The Baha’i lyrics are best described as millenarian, Biblical, and didactic; in general, a call to convert the masses. They begin as follows:
Now the Báb blew His trumpet
Announcing to the world the time had come
And like a thief in the night, He came by the Gate
And said He was the Promised One
Verse after verse, the song parades Baha’i leaders before us, exhorting Baha’is to get out and proselytize in the footsteps of their leaders:
Bahá’u'lláh was the Prophet
He had the Word that is right for now
And when the road got rough and the going got tough
He just stood there and taught anyhow
These verses refrain a curious conflict of tenses (perfect vs. imperfect) that brings to mind some of the intrinsic problems with universal progressive revelation, such as “if it was right for now 150 years ago, is it right for the present “now”? And, “is it really right for everybody?
The chorus goes as follows:
We are soldiers in God’s army
We gotta stop and teach the Word for now
We gotta hold a lotta love and unity
We gotta hold it up until we die
I don’t have much of a problem with the verses, as they tend to say so much about the predominant Baha’i state of mind, and truly, the chorus does as well, but I think some variations on the chorus might do the song some good. For example:
(Oh-oh-oh-owoh-oh …)
We are minions of the Millennium
We gotta stop–and think for ourselves
It’s time to see (its time to see beyond our idol called “Unity”)

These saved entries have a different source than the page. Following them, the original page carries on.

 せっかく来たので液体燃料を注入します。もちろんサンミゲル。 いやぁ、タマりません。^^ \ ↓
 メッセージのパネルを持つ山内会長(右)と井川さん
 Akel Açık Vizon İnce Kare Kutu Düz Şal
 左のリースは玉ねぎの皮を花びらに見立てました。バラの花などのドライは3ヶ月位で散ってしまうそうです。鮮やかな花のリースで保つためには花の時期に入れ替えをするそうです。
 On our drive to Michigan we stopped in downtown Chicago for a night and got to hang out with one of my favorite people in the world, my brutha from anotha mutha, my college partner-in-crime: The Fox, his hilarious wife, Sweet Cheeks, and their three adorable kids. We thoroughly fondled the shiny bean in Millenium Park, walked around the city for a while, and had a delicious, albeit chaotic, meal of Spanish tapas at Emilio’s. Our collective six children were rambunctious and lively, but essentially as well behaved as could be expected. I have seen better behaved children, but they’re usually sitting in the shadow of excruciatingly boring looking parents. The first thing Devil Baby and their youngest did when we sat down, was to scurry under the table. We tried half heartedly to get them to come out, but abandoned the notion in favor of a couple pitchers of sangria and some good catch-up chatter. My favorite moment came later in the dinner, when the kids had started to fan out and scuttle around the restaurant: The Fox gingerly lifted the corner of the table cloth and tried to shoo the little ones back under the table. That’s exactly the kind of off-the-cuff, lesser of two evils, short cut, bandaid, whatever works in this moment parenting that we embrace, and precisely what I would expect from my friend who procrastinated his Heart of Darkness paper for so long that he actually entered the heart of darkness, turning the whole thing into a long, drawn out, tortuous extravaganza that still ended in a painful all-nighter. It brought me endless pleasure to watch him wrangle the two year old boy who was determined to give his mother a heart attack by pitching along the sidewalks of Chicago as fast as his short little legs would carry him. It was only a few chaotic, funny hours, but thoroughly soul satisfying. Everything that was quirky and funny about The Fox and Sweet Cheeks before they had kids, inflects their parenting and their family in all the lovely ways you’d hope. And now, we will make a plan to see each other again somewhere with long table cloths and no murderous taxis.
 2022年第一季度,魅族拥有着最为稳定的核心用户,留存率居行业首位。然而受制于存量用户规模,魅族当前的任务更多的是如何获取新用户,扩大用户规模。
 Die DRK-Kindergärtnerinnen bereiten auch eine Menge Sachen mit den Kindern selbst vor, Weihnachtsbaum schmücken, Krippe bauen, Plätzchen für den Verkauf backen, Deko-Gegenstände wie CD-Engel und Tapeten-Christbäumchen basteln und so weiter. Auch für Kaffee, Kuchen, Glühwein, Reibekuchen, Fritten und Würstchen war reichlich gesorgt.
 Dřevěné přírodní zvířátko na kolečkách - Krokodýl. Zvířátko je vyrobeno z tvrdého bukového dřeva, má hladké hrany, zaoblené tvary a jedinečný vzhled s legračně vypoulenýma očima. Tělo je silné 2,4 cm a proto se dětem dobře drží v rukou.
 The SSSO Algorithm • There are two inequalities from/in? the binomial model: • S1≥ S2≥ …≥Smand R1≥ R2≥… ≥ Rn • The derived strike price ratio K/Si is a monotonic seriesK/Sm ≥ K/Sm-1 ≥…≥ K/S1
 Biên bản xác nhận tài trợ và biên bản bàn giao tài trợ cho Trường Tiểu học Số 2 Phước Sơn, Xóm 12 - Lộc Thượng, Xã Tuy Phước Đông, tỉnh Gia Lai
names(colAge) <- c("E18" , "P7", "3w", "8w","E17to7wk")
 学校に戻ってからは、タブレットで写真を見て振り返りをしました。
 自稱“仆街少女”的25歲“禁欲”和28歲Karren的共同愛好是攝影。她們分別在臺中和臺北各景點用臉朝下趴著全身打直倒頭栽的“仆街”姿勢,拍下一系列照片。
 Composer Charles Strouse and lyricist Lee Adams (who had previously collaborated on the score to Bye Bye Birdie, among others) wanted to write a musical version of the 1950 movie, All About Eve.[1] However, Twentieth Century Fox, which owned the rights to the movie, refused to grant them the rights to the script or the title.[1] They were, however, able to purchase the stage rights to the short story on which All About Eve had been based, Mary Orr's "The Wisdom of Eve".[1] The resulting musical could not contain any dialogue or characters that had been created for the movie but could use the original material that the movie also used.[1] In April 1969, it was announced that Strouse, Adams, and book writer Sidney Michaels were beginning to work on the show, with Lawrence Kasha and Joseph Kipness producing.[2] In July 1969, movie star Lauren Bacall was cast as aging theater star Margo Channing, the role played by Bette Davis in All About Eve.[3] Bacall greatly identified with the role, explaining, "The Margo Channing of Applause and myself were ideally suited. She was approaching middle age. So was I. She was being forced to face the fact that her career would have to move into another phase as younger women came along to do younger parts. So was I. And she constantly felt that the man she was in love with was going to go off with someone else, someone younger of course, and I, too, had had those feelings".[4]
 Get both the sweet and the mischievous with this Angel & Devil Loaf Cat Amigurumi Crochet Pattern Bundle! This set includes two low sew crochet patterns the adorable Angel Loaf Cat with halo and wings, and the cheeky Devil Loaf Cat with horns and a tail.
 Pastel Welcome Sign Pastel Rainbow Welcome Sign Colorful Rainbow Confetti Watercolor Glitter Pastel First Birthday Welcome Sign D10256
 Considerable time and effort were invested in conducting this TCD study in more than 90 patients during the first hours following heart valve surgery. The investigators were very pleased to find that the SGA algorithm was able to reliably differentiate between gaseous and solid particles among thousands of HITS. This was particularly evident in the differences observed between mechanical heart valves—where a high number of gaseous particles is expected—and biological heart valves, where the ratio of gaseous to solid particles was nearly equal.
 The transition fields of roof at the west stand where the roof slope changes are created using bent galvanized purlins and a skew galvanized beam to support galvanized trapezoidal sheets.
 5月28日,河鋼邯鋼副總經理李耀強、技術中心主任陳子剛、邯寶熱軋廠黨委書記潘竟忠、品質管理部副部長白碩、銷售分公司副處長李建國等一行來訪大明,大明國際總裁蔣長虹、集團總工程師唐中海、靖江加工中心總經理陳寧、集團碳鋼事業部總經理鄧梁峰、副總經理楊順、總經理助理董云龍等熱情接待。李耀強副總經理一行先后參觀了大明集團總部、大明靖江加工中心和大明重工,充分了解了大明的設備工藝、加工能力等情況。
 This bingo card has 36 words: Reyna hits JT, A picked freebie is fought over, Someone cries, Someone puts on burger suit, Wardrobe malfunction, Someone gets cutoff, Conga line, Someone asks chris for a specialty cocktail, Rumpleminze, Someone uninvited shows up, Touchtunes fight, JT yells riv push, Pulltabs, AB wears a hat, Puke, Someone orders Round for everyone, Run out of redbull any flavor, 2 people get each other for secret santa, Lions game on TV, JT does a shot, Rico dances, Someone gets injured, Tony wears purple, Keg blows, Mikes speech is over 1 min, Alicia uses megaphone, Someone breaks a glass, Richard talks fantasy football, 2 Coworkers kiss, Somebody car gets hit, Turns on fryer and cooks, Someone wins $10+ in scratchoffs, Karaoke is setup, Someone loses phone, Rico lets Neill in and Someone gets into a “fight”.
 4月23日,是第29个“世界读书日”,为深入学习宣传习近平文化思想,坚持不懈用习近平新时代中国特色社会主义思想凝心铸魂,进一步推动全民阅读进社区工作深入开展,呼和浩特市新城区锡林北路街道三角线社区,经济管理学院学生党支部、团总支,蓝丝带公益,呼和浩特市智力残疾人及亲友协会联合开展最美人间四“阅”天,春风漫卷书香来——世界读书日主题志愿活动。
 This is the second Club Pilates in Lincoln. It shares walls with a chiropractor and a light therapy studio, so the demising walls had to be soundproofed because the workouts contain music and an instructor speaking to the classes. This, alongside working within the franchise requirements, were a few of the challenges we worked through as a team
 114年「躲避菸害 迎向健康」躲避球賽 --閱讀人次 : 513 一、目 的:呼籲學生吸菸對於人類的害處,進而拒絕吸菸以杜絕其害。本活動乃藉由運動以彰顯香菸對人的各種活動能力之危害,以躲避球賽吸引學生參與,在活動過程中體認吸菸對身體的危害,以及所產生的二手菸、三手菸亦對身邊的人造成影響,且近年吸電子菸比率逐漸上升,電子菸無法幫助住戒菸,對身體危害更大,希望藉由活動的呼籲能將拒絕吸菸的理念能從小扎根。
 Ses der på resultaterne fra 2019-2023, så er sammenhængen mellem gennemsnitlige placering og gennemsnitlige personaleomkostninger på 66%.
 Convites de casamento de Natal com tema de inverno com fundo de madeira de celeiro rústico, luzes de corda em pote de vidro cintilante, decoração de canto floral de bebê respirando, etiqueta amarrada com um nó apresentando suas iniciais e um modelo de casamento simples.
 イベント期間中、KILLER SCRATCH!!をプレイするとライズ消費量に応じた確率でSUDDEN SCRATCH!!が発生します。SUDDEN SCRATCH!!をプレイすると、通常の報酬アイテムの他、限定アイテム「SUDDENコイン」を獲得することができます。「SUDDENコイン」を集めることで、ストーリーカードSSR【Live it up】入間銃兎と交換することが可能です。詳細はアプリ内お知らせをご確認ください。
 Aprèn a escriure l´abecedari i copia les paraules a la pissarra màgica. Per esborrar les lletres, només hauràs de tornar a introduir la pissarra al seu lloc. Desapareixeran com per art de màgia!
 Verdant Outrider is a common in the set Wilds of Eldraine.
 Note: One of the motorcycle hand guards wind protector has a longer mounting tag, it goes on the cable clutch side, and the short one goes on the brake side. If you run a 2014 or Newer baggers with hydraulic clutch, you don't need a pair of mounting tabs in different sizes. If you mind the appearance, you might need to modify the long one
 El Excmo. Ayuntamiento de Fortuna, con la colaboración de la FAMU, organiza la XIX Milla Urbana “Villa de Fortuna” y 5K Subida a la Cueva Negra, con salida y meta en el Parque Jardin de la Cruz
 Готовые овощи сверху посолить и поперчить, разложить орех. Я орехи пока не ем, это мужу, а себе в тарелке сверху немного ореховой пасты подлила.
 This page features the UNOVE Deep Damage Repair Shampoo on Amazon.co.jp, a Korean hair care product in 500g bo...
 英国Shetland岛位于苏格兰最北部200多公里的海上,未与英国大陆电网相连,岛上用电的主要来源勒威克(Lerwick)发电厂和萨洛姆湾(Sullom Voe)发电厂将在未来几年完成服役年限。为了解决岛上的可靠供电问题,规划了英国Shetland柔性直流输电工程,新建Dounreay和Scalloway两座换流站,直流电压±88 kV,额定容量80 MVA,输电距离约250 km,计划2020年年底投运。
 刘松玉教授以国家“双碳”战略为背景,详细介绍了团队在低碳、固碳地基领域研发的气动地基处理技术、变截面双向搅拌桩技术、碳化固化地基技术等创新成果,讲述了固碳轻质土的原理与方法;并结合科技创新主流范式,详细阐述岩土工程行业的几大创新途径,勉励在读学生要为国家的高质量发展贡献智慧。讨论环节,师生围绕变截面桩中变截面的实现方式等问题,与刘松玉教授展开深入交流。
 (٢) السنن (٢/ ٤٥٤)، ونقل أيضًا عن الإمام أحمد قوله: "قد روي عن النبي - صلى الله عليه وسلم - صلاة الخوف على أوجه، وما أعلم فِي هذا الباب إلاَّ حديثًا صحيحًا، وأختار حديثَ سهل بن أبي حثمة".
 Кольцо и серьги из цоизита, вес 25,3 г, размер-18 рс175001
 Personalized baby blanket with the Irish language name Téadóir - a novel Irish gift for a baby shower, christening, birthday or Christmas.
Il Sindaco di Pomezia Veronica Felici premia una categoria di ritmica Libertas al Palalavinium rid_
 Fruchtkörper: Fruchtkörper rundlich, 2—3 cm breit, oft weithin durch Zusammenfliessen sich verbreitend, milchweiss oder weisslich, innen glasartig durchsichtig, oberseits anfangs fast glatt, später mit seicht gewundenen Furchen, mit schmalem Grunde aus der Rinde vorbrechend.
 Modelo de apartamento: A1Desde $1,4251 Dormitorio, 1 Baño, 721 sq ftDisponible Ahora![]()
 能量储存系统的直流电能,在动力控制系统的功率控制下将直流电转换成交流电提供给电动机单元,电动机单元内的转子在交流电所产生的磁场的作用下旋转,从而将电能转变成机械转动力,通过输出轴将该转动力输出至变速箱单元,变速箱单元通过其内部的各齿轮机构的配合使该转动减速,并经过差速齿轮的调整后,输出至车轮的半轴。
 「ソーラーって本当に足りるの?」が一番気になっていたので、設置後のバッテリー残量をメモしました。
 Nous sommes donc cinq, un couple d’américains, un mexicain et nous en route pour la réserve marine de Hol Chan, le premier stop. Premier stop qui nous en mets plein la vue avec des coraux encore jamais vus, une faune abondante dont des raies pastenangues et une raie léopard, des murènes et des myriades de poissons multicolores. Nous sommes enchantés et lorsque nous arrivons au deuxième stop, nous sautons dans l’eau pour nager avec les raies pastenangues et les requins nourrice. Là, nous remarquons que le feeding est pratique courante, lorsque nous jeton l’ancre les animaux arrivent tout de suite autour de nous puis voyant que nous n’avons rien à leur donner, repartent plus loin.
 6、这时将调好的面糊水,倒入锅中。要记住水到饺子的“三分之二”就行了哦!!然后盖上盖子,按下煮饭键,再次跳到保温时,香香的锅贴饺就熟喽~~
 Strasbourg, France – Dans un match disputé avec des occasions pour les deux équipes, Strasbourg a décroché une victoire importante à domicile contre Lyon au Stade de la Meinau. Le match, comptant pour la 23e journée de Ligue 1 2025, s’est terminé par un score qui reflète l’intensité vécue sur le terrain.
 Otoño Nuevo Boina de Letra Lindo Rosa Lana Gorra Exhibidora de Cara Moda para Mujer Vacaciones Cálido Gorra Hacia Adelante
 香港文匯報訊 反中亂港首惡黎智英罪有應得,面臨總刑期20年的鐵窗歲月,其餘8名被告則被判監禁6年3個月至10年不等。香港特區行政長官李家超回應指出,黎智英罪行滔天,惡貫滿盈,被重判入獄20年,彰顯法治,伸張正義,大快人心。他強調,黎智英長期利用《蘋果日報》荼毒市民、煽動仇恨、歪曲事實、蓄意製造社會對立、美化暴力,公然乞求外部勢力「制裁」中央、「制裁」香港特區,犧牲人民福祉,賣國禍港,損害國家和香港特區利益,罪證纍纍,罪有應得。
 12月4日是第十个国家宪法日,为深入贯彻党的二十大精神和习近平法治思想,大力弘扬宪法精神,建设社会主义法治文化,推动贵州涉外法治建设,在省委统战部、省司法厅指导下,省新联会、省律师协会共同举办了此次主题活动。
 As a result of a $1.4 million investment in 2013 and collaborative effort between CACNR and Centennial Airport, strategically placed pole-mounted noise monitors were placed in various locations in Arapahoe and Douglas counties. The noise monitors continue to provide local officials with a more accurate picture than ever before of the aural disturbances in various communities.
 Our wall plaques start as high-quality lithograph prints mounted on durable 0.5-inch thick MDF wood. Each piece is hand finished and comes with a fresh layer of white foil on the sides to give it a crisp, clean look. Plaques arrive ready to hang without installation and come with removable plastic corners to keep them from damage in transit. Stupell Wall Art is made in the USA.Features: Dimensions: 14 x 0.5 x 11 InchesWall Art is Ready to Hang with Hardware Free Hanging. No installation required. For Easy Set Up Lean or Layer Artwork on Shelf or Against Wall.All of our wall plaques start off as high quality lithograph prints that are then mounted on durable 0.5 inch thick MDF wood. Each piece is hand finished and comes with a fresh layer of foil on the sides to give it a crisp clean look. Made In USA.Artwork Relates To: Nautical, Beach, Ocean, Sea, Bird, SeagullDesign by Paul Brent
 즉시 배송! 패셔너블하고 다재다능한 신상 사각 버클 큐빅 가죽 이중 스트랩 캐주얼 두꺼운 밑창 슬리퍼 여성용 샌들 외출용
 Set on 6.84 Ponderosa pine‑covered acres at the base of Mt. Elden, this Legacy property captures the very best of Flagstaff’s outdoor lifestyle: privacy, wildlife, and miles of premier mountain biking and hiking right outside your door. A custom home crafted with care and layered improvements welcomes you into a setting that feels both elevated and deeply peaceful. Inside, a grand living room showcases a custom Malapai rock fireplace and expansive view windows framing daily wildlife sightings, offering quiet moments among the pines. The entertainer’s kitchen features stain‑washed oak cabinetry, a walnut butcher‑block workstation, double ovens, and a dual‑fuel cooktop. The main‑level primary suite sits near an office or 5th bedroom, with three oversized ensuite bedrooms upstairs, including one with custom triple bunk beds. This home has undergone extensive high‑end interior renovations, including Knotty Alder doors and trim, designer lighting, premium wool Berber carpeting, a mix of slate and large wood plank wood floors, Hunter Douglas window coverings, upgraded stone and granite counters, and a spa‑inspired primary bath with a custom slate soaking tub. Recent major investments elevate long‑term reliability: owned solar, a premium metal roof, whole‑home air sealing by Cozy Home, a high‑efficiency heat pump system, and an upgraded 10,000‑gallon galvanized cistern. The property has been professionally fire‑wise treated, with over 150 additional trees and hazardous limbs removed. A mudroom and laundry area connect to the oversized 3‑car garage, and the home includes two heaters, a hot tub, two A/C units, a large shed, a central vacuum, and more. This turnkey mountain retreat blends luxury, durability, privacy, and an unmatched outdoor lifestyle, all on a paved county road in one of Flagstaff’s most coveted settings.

It’s time to break it down so we can see.
Here the singer turns from the mic and says “break it down”, whereupon the maestro steps into his A-major improvisation.
Post-solo:
We are minions of the Millennium
We gotta stop–and “see with our own eyes”
We gotta think instead of followin’ the leader
There’s more to life than playin’ “Simon says”
And finally, as the music fades:
We are minions of the Millennium
We’ve had our fun–playin’ blind man’s bluff
We gotta think (we gotta think instead of followin’ the leader)
We gotta use our eyes so we can see.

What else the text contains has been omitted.